Foreing key constraint violation when updating dependant entity

Entity operations performed result in the following sequence of SQL statements being executed by Hibernate (according to the logs for org.hibernate.SQL and org.hibernate.type.descriptor.sql):

...
insert into fileContent (filename, originalFilename, id) values (<filenameA>, <originalFilenameA>, 15537);
insert into fileContent (filename, originalFilename, id) values (<filenameB>, <originalFilenameB>, 15538);
insert into fileContent (filename, originalFilename, id) values (<filenameC>, <originalFilenameC>, 15539);
...
update project set filea_id=15537, fileb_id=15538, filec_id=15539 where id=<projectId>;

The insert statements are executed without any errors.However, when committing the transaction, the update operation fails with an SQL exception:

org.hibernate.engine.jdbc.spi.SqlExceptionHelper[142] - ERROR: insert or update on table "project" violates foreign key constraint "fk__filea_id__filecontent"
  Detail: Key (filea_id)=(15537) is not present in table "filecontent".
  • PostgreSQL 14
  • Postgresql JDBC 42.3.8
  • Java OpenJDK 17
  • Hibernate 5.6.14.Final

Anyone any idea, why this is happening? Am I missing something?

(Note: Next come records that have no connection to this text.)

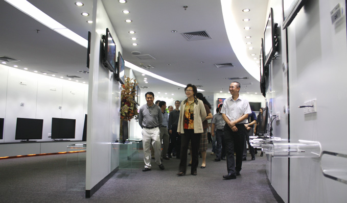 In the company of KTC's President Bin Ling and Vice President Yubin Li, deputy mayor Yihuan Wu and research group visited the exhibition hall, R&D department and production workshop. In the meantime, superintendents introduced the status of production and operation, as well as the pressing problems that KTC is facing. In the exhibition hall, deputy mayor Yihuan Wu watched 3D smart network TV by wearing 3D glasses; and also, he watched each procedure of TV producing in workshop. Deputy mayor said the Government would spare no efforts to serve and meet the urgent needs of enterprises, and promote sound and fast development of enterprises.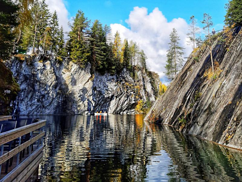 12.30 Переезд в горный парк «Рускеала». Это просторный парк, где можно насладиться красотой мраморного каньона, прогуляться по пещерам, увидеть зеркально чистые озера и водопады. Главной достопримечательностью живописной локации, конечно же, стал мраморный карьер, заполненный грунтовыми водами. Вокруг вас ожидает еще множество красивых мест: бирюзовые воды озёр, хвойный лес, мраморные возвышенности самых разных цветов.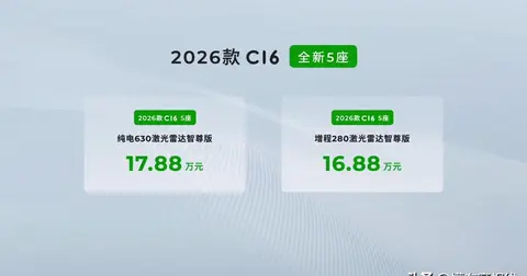 6月18号零跑C16(图片|配置|询价)新车上市了,现在有5座和6座可选,价格从15.18万起。这车比之前版本动力更强了,纯电版能开630公里,增程版纯电续航280公里。外观没太大变化,但是门把手改成了电动隐藏的,还能破冰。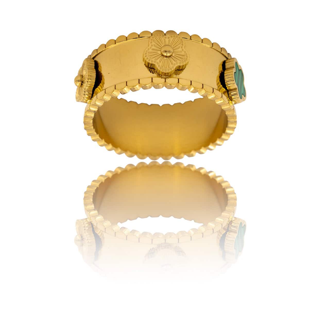 Délicate Bague Femme Métal Fleur Vert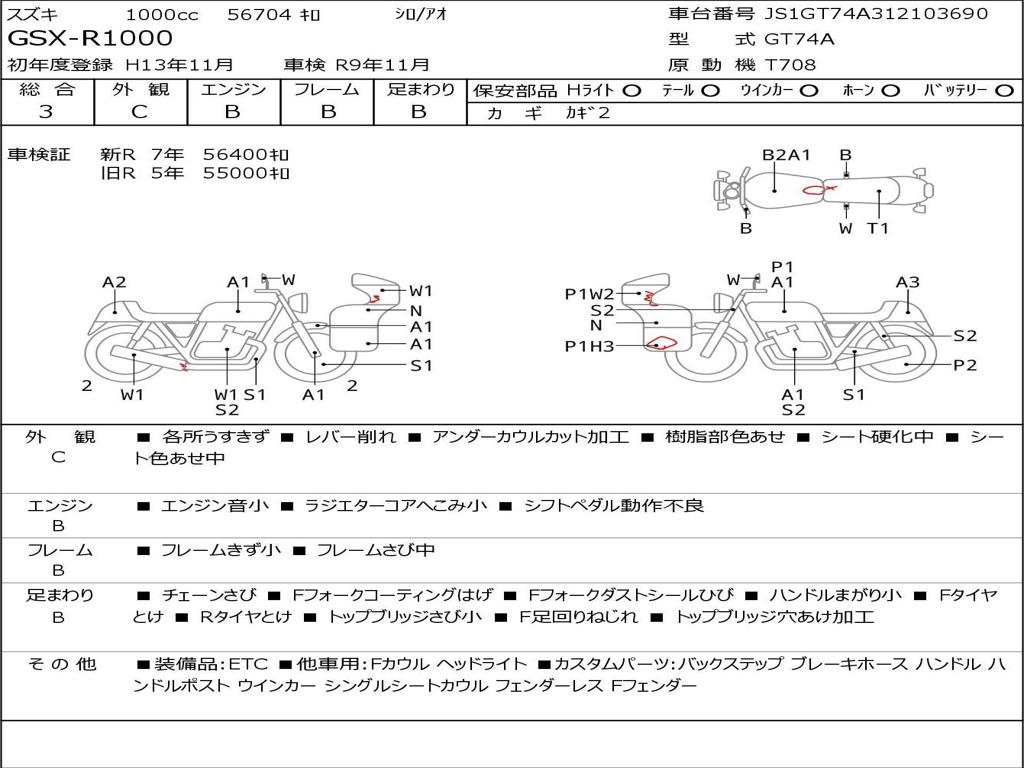 | Номер рамы / VIN | JS1GT74A312103690 |
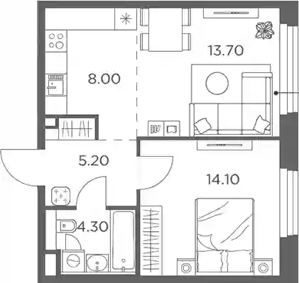 9 380 000 ₽2-к.квартира, 42.8 м², 13 эт.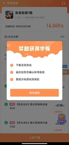 2、用户点击进入后,会直接弹出获取奖励的步骤说明,按照这些步骤操作即可直接赚取收益。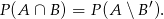 ![]() B' to wszystko poza zbiorem B, czyli zawiera w sobie zbiór A bez iloczynu AiB. Ten iloczyn należy do zbioru A, więc jest tym, co jest w zbiorze A, a nie ma w zbiorze B'. |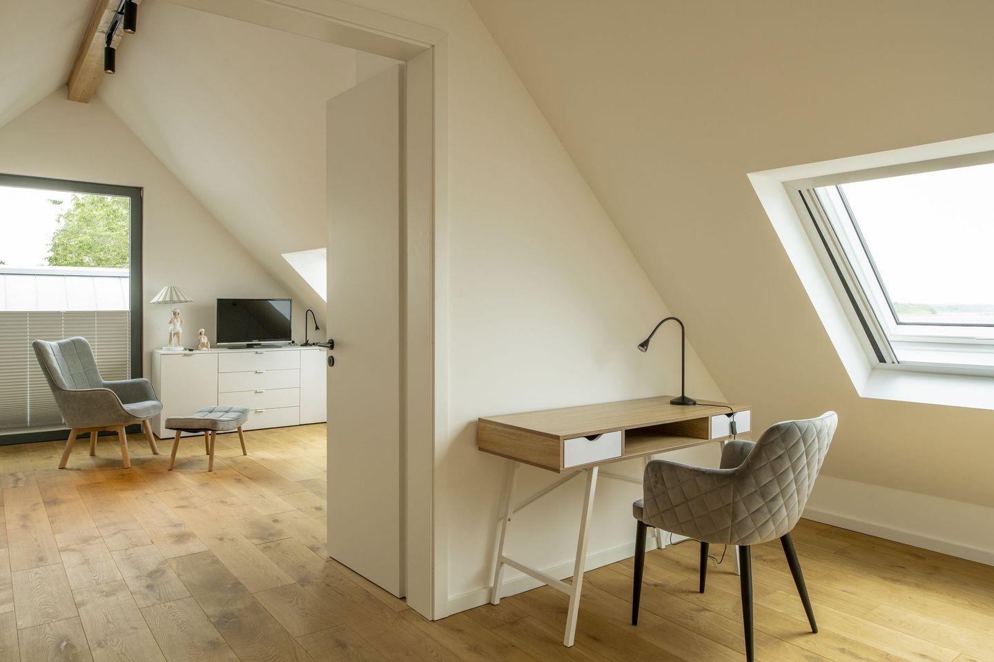 Im Spitzboden befinden sich zwei Einzelbetten sowie ein Arbeitsbereich mit Schreibtisch und traumhaftem Blick auf den Bodden. Selbstverständlich steht Ihnen kostenfreies WLAN mit Glasfaseranschluss zur Verfügung.

Maybe the fileContent with id 15537 was deleted after the insert? Are the inserts and updates running in the same transaction?

No, the object has definitely not been deleted. And, yes, all operations are within the same transaction.

However, there is one change being performed to the FileContent instances after saving them and before committing the transaction: Based on Spring Security, an Access Control List (ACL) with corresponding Access Control Entries (ACE) is created for each of the FileContent instance.

Meanwhile, I found out that the exception does not occur if I comment out the ACL/ACE creation. But I still do not understand why this is the case. The ACL/ACE creation neither does a select for the FileContent instance nor does it update the FileContent instance.

One more info: FileContent entities and ACLs/ACEs entities are stored in different schema within the same database.

No idea about Spring Security, so better ask in Spring forums about that.